Closed the-ethan-hunt closed 5 years ago
@the-ethan-hunt let's avoid using ancient languages, and instead focus on benchmarking existing methods on standardized corpora?
E.g. for tokenization/chunking in Hindi - you could try the MosesTokenizer, spaCy-multinlingual, Google's BERT-Tokenizer (Wordpiece under the hood), and sentencepiece.
I'd love it if we can raise a PR in Cython with Hindi models for Parts of Speech, Tokenization and NER using the datasets from CLTK and elsewhere (e.g. IIT Bombay English Hindi Parallel Corpus ). The Cython PR can then be integrated with spaCy.
I'm happy to sponsor upto $100 personally, specifically for making new datasets in Indian languages. I can possibly arrange corporate sponsorship upto $1000 for this if we make enough progress in the 4 weeks.
Please please don't implement this paper in particular. This is a bad unreliable paper.
I'd recommend emailing the author for datasets and trying rather modern approaches from say, spaCy and AllenNLP and share those results.

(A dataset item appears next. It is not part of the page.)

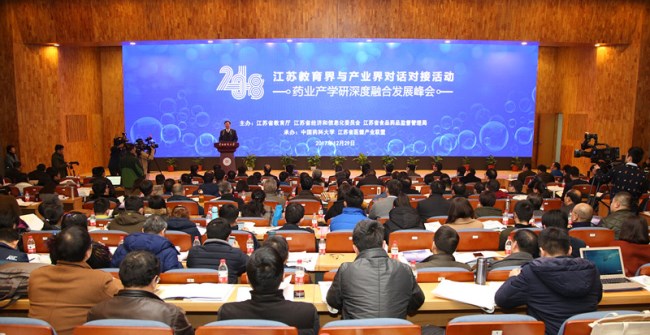 12月29日,由江苏省教育厅、江苏省经济和信息化委员会、江苏省食品药品监督管理局主办的“江苏教育界与产业界对话对接活动——药业产学研深度融合发展峰会”在中国药科大学举行,江苏省人民政府副省长王江、江苏省教育厅厅长葛道凯、江苏省经济和信息化委员会副主任高清、江苏省食品药品监督管理局副局长王越、南京市人民政府副秘书长吴秀亮、淮安市人民政府副市长顾坤、泰州市人民政府副市长郑卫国、江苏省医健产业联盟常务副理事长王冬青等出席活动。常州大学校长陈群应邀出席了活动,产学研合作处、教务处、制药与生命科学学院负责人参加了活动。会议由葛道凯主持。

@NirantK , I saw this paper in NLPProgress and wondered about reproducing it in Sanskrit. Anyways I would change it to Hindi itself as you have suggested.
I'm happy to sponsor upto $100 personally, specifically for making new datasets in Indian languages. I can possibly arrange corporate sponsorship upto $1000 for this if we make enough progress in the 4 weeks.
I have tried to research on this @NirantK and have found some solutions; would it be better if we discuss in private?
@the-ethan-hunt Write to [awesomenlp] [at] [nirantk.com] ?
Develop models for Hindi from the IIT Bombay English Hindi Parallel Corpus using Cython/spaCy-multilingual.